Jacques recalls: “I won in Canada in the rain because I had Michelin tyres, the Matra engine, which had much less horsepower and torque at low revs that the Ford or the turbos of the time, and a very good car. I had just the right compromise. All the leading places were filled by Michelin-shod cars.”

Add to this winning trio, a brilliant driver who never put a foot wrong during two hours on a bumpy, flooded track! Laffite settled scores for once and for all with those who said he was ill at ease in the rain. “I'd been dragging that reputation around with me since 1975,” he says with a smile. “I was driving for Frank Williams and in the Austrian Grand Prix we were racing in a real deluge. Against Frank's orders I decided to stop on lap 21 when I was in fourteenth place. It was sheer madness to take such useless risks. Frank Williams ended up agreeing that I was right, but it cost me my seat with Tyrrell who broke the contract that I'd just signed for the following year. Ken said: I'm not taking on a driver who gives up in the rain.' So I went to Ligier. Destiny!” That day on the Ile Notre-Dame Laffite took his revenge and scored his sixth Grand Prix victory.
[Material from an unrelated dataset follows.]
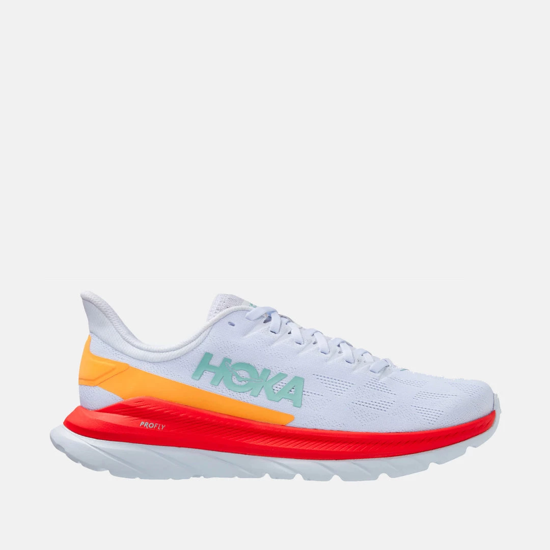 The Mach 4 running sneaker is designed for logging long miles. This everyday trainer delivers a lively ride and an energetic underfoot feel that is unquestionable Hoka. Softer and bouncier than the previous iteration, the Mach 4 employs a harmonious blend of foams – merging an incredibly soft, lightweight foam on top with rubberized foam directly beneath. This up-tempo shoe has been crafted with a new pull tab, revamped upper made from heat-pressed TPU embroidered yarns and a refined collar shape that alleviates pressure on the Achilles. Light, fast, and unquestionably responsive, the Mach 4 delivers a daily dose of speed.

But the dream of “Les Bleus” and their favourite driver was not to be fulfilled in 1981. The reason was down to the fact that the French constructor respected the law to the letter at the start of the season. Unlike a number of teams, in particular those who didn't benefit from the power of a turbo engine, Gérard Ducarouge and Michel Beaujon designed a new JS17 for the modified V12 Matra engine in full compliance with the regulations, which imposed solid skirts and a 6 cm ground clearance measured when the car was stationary. After four grands prix without results, Guy Ligier decided to give the green light. The engineers could “interpret” the regulations in their own way by adopting Citroën hydropneumatic suspension. When stationary the car respected the 6 cm rule, but out on the track it glued itself to the tarmac thanks to the play in the suspension.
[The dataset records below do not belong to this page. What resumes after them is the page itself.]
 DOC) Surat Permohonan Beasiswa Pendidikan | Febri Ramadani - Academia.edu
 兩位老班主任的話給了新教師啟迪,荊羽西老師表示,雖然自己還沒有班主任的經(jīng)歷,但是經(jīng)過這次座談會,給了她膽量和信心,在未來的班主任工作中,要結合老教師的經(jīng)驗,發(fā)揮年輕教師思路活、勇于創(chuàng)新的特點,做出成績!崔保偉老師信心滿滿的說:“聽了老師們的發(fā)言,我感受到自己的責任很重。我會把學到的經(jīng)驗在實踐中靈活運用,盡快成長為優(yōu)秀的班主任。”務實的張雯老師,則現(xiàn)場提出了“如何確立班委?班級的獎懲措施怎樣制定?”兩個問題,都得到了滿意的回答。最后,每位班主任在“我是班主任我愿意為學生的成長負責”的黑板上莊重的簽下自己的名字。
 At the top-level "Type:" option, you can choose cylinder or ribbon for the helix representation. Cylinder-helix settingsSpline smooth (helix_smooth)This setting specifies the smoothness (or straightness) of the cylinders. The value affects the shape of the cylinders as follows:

It paid off immediately: first podium in the fifth grand prix at Zolder for Laffite and the fledgling Talbot-Ligier-Matra team. Unfortunately, this decision was taken a bit too late. Despite two victories and several podium finishes in the second part of the season, Ligier was never able to make up the ground lost early on. A few weeks later, the 1981 season, the first of the association between the three French makes, ended on the Las Vegas circuit with fourth place for the team in the F1 Constructors' Championship.